- YOUR ASSIGNMENT -
If a record holds a picture, omit that picture and copy everything else exactly.

- DATASET EXTRACT -
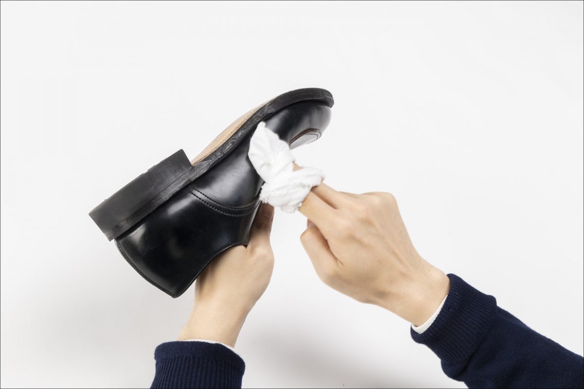 クロスの綺麗な面を使って乾拭きして終了。少なくともその日履いた靴は、帰宅後にこのケアだけでも欠かさないようにしよう。
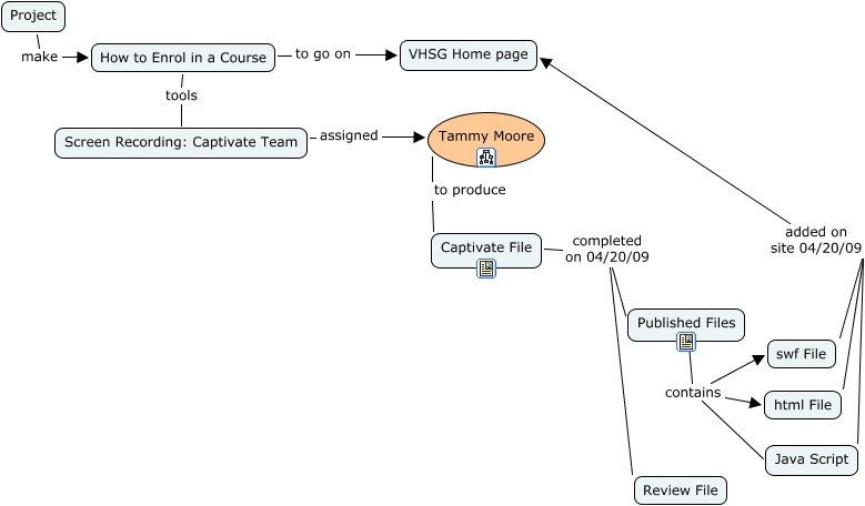 This Concept Map, created with IHMC CmapTools, has information related to: How to Enrol in a Coourse, Captivate File completed on 04/20/09 Review File, Captivate File completed on 04/20/09 Published Files, Project make How to Enrol in a Course, How to Enrol in a Course tools Screen Recording: Captivate Team, swf File added on site 04/20/09 VHSG Home page, Java Script added on site 04/20/09 VHSG Home page, How to Enrol in a Course to go on VHSG Home page, Published Files contains swf File, Published Files contains html File, Screen Recording: Captivate Team assigned Tammy Moore, Published Files contains Java Script, Tammy Moore to produce Captivate File, html File added on site 04/20/09 VHSG Home page
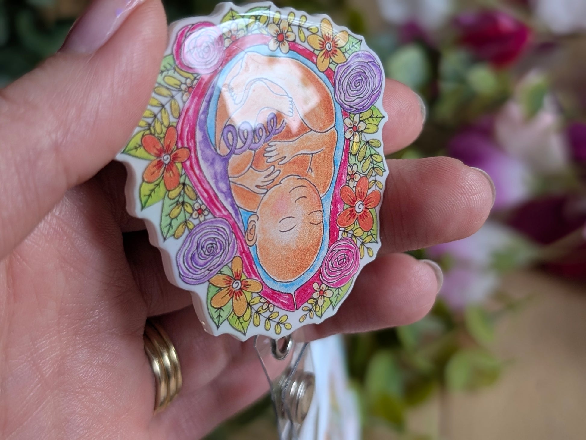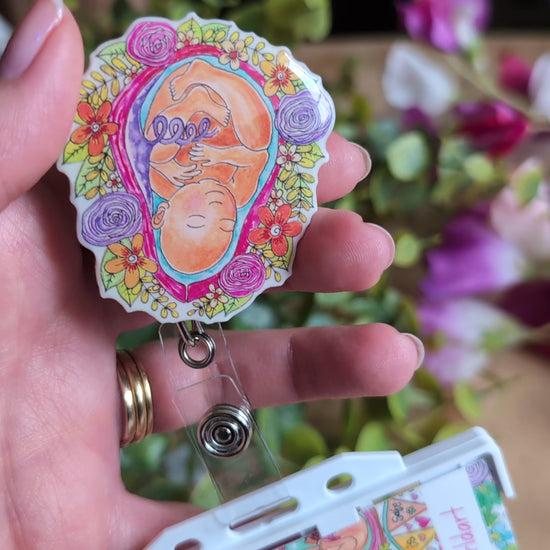 Wear your midwife, maternity support worker or labor and delivery nurse ID card with pride on a pocket, belt or bag with a retractable baby in the womb art badge reel ID card holder. My watercolour baby painting has been printed on recycled plastic in the UK, and I've attached to a plastic retractable badge reel.
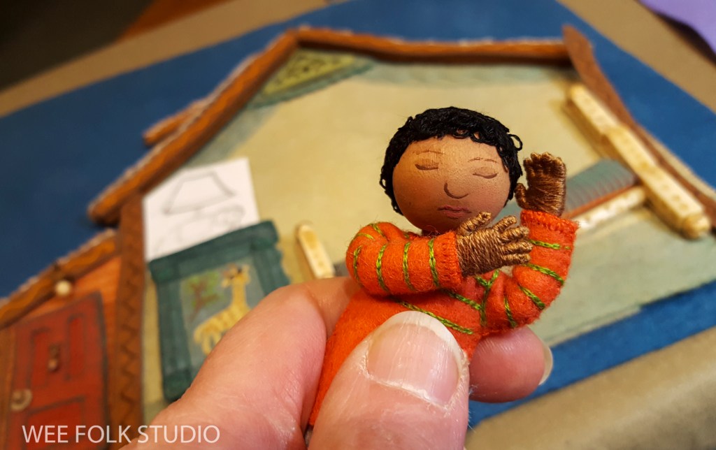 Since the child was going to be tucked under the covers, I only had to make the top half of their body. The figure is based on the dolls in my in my how-to book, Felt Wee Folk.
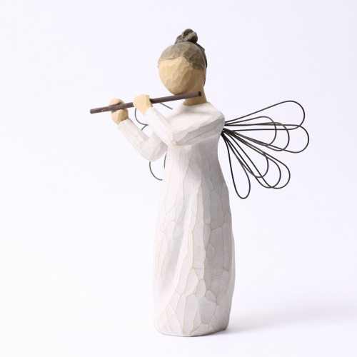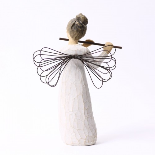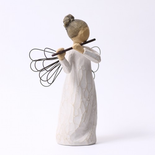 そして実際に手にした感じ。これもクセになってしまうポイントでして、意外とずっしりと重く高品質感があり、表面をなでると彫刻の面が感じられて、なんだかすべすべしていて、ああ彫刻っていいなと、そんな風に感じて頂けるんじゃないかと思います。ウィローツリーのデザインコンセプトは「アンティーク」で、敢えて色褪せたようにペイントされ、天使の羽根には錆び加工がされています。1つ1つペイントされているので、時期によって少しづつ色合いが異なりますので、そういったところも楽しんで頂ければと思っています。
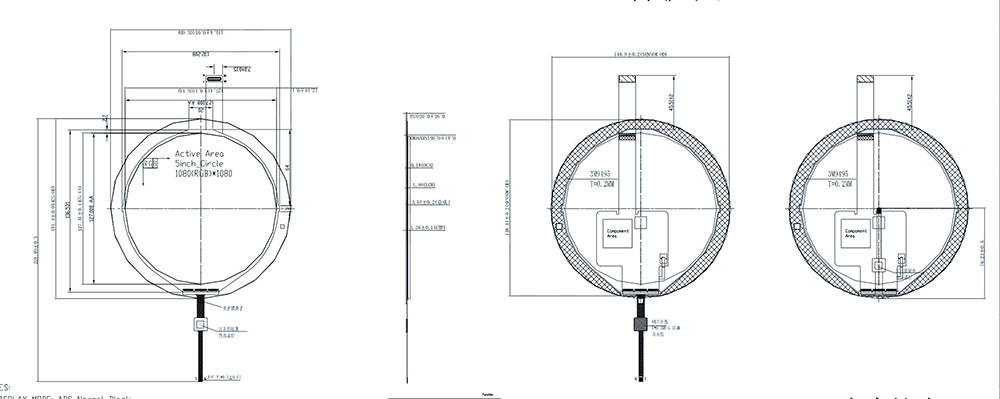 This 5-inch round LCD screen features IPS full-viewing angle, a 1080*1080 resolution, a MIPI interface, a 1300 contrast ratio, 16.7M colors, and a 50-pin pin configuration. It operates in temperatures from -20°C to 60°C and has a storage temperature range of -30°C to 70°C. It features a multi-point capacitive touchscreen using the GT911 touchscreen IC with a GFF structure and an I2C interface. This 5-inch round screen is available long-term and can be used in advertising displays, consumer electronics, smart home devices, medical equipment, industrial equipment, automotive instrumentation, and other products.
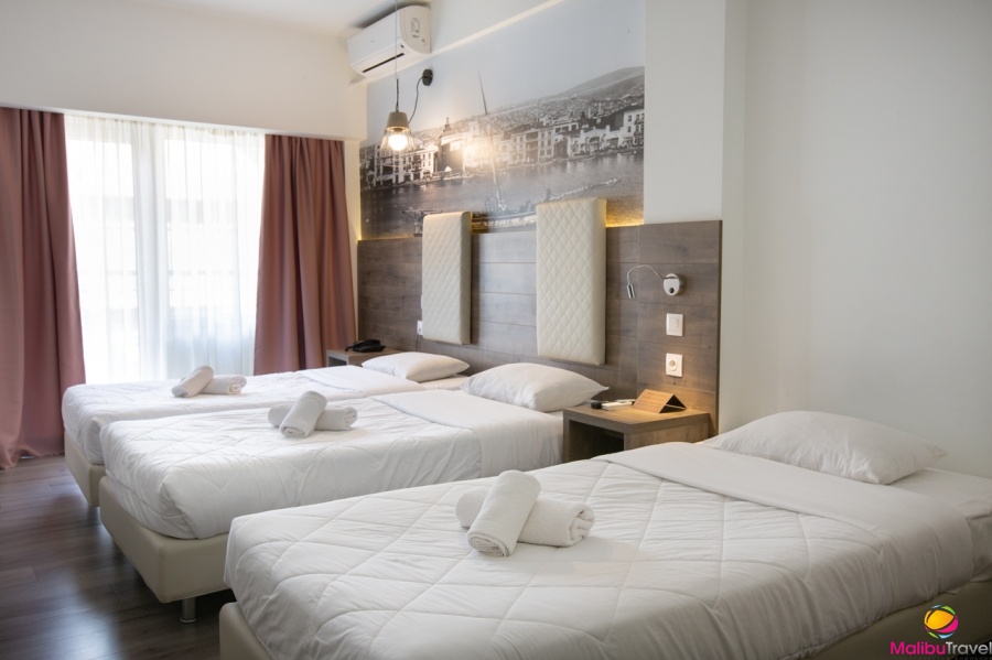 Питание: буфет с континентальным завтраком. Ресторан, который угостит гостей блюдами греческой и европейской кухни. Стильный бар с уютными диванчиками и большим выбором различных напитков и закусок. Размещение: в отеле 116 номеров.
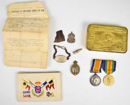 British Army WW1 medal pair comprising War Medal and Victory Medal named to 226458 Driver S M Lowe, Royal Artillery, together with Princess Mary's Christmas tin, silk postcards, letter, a piece of shrapnel and spent bullet, identity bracelet etc
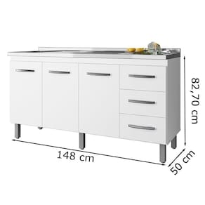 Balcão Para Pia 150 Cm 3p Diana Branco Mobbs
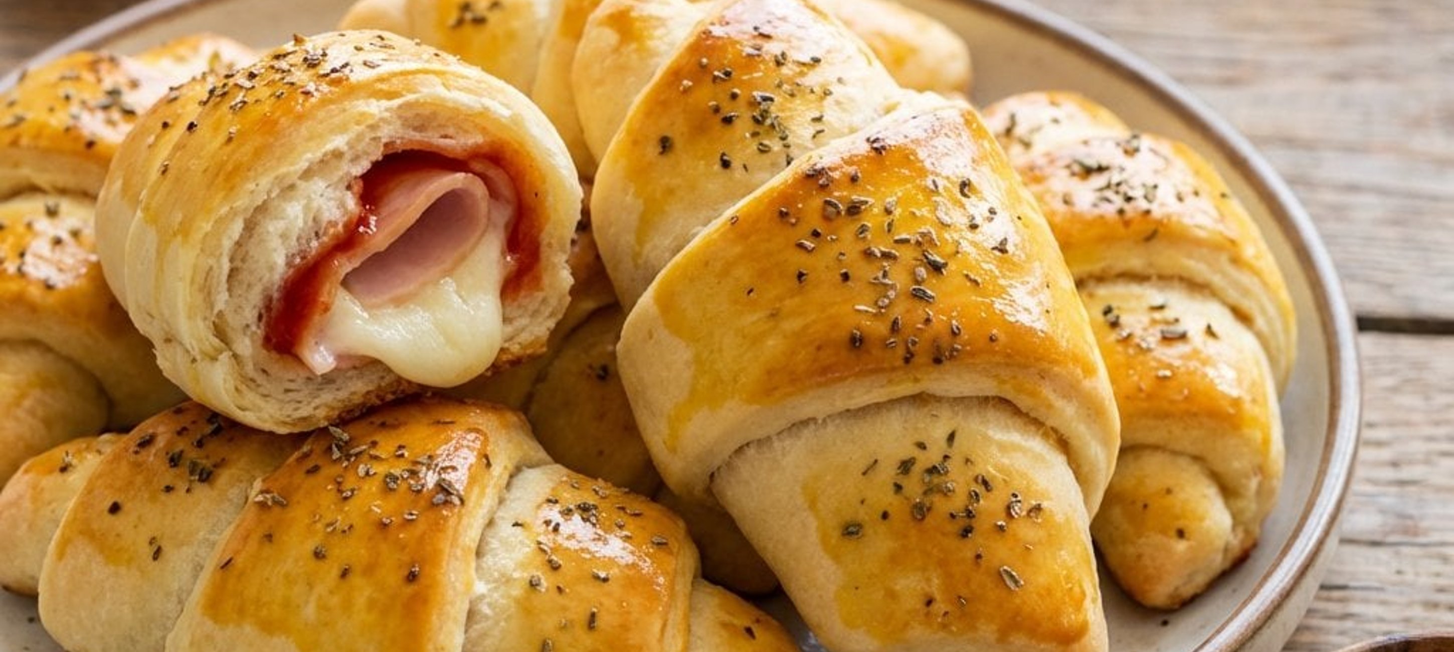 - 3A tésztát ossza 4 részre. Minden részből nyújtson egy téglalapot, és vágja fel 3 háromszögre. A háromszögeket kenje meg ketchuppal, tegyen rájuk sajtot és sonkát, majd a szélesebb oldaluktól indulva tekerje fel őket. A kifliket a csúcsukkal lefelé helyezze a tepsire, hogy sütés közben ne nyíljanak szét. Ismételje meg a maradék tésztával.
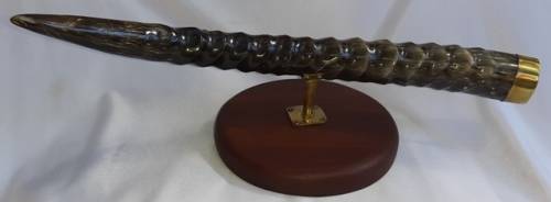 Blesbok Carved Big Five Horm Mounted on Round Wood Base With Brass End Cap

- REPLY TO THE EXERCISE -
 クロスの綺麗な面を使って乾拭きして終了。少なくともその日履いた靴は、帰宅後にこのケアだけでも欠かさないようにしよう。
 This Concept Map, created with IHMC CmapTools, has information related to: How to Enrol in a Coourse, Captivate File completed on 04/20/09 Review File, Captivate File completed on 04/20/09 Published Files, Project make How to Enrol in a Course, How to Enrol in a Course tools Screen Recording: Captivate Team, swf File added on site 04/20/09 VHSG Home page, Java Script added on site 04/20/09 VHSG Home page, How to Enrol in a Course to go on VHSG Home page, Published Files contains swf File, Published Files contains html File, Screen Recording: Captivate Team assigned Tammy Moore, Published Files contains Java Script, Tammy Moore to produce Captivate File, html File added on site 04/20/09 VHSG Home page
 Wear your midwife, maternity support worker or labor and delivery nurse ID card with pride on a pocket, belt or bag with a retractable baby in the womb art badge reel ID card holder. My watercolour baby painting has been printed on recycled plastic in the UK, and I've attached to a plastic retractable badge reel.
 Since the child was going to be tucked under the covers, I only had to make the top half of their body. The figure is based on the dolls in my in my how-to book, Felt Wee Folk.
 そして実際に手にした感じ。これもクセになってしまうポイントでして、意外とずっしりと重く高品質感があり、表面をなでると彫刻の面が感じられて、なんだかすべすべしていて、ああ彫刻っていいなと、そんな風に感じて頂けるんじゃないかと思います。ウィローツリーのデザインコンセプトは「アンティーク」で、敢えて色褪せたようにペイントされ、天使の羽根には錆び加工がされています。1つ1つペイントされているので、時期によって少しづつ色合いが異なりますので、そういったところも楽しんで頂ければと思っています。
 This 5-inch round LCD screen features IPS full-viewing angle, a 1080*1080 resolution, a MIPI interface, a 1300 contrast ratio, 16.7M colors, and a 50-pin pin configuration. It operates in temperatures from -20°C to 60°C and has a storage temperature range of -30°C to 70°C. It features a multi-point capacitive touchscreen using the GT911 touchscreen IC with a GFF structure and an I2C interface. This 5-inch round screen is available long-term and can be used in advertising displays, consumer electronics, smart home devices, medical equipment, industrial equipment, automotive instrumentation, and other products.
 Питание: буфет с континентальным завтраком. Ресторан, который угостит гостей блюдами греческой и европейской кухни. Стильный бар с уютными диванчиками и большим выбором различных напитков и закусок. Размещение: в отеле 116 номеров.
 British Army WW1 medal pair comprising War Medal and Victory Medal named to 226458 Driver S M Lowe, Royal Artillery, together with Princess Mary's Christmas tin, silk postcards, letter, a piece of shrapnel and spent bullet, identity bracelet etc
 Balcão Para Pia 150 Cm 3p Diana Branco Mobbs
 - 3A tésztát ossza 4 részre. Minden részből nyújtson egy téglalapot, és vágja fel 3 háromszögre. A háromszögeket kenje meg ketchuppal, tegyen rájuk sajtot és sonkát, majd a szélesebb oldaluktól indulva tekerje fel őket. A kifliket a csúcsukkal lefelé helyezze a tepsire, hogy sütés közben ne nyíljanak szét. Ismételje meg a maradék tésztával.
 Blesbok Carved Big Five Horm Mounted on Round Wood Base With Brass End Cap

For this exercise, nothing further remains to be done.